Op Fri, 26 Sep 2008, schreef Graeme Geldenhuys:

> On Thu, Sep 25, 2008 at 10:33 PM, Florian Klaempfl
> <florian at freepascal.org> wrote:
>>
>> Who says that? UTF-16 is simply chosen because it has features (supporting
>> all characters basically) ANSI doesn't?
>
> Sorry, my message was unclear and I got somewhat mixed up between ANSI
> and UTF-8. I meant the encoding type of String or UnicodeString being
> UTF-16 instead of UTF-8.  The CodeGear newsgroups are full of people
> saying that UTF-16 was chosen because they could call the 'W' api's
> without needing a conversion.
>
> My question is, has anybody actually seen the speed difference (actual
> timing results) showing UTF-16 string calling 'W' api's compared to
> UTF-8->UTF-16 and then calling the 'W' api's.  With today's computers,
> I can't imagine that there would be a "significant speed loss" using
> such conversions. The speed difference might be milliseconds, but
> that's not really "significant speed loss" is it?

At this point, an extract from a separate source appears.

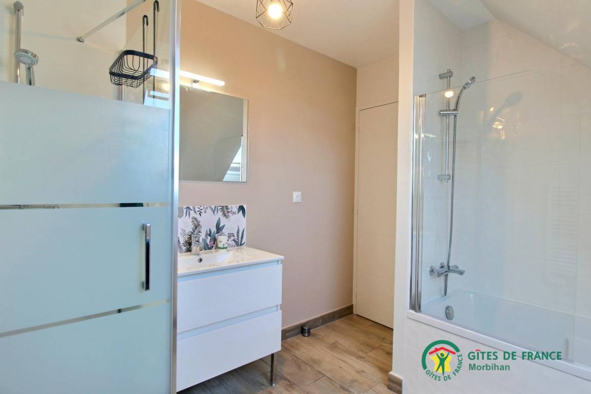 Sarzeau liegt ideal zwischen dem Golf von Morbihan und dem Atlantischen Ozean und profitiert von einem Mikroklima. Sarzeau heißt Sie das ganze Jahr über für einen Urlaub am Meer willkommen... Es ist ein unverzichtbares Reiseziel im Süd-Morbihan! Nutzen Sie bei Ihrem nächsten Aufenthalt die vielen Aktivitäten auf der Halbinsel: Wandern, Schwimmen und Bootfahren, Reiten, Freizeitparks, Thalassotherapie, Golf... Nicht zu verpassen: das Château de Suscinio, das Jung und Alt begeistern wird, und warum nicht einen Tag auf den Inseln (Belle Ile, Houat oder Hoedic) von Port Navalo aus! Nur 550 m vom Strand entfernt liegt dieses attraktive, moderne Ferienhaus mit perfekter Ausstattung und Bettwäsche.

I think the main speed issue with UTF-8 is the speed of procedures like 
"val". A "val" which accepts both western and Arabic digits would be 
significantly more complex and therefore slower in UTF-8 than in UTF-16.

> I suppose it would be viable doing timing results for saving text
> files as well. After all, 99% of the time, text files are stored in
> UTF-8. So in D2009 you would first have to convert UTF-16 to UTF-8 and
> then save. And the opposite when reading, plus checking for the byte
> order marker.  If you used UTF-8 for the String encoding no
> conversions are required and no byte order marker checks needed.

For me the speed of input/output is less relevant, this is limited by disk 
speed anyway. It's the speed of processing that should be decisive.

Daniël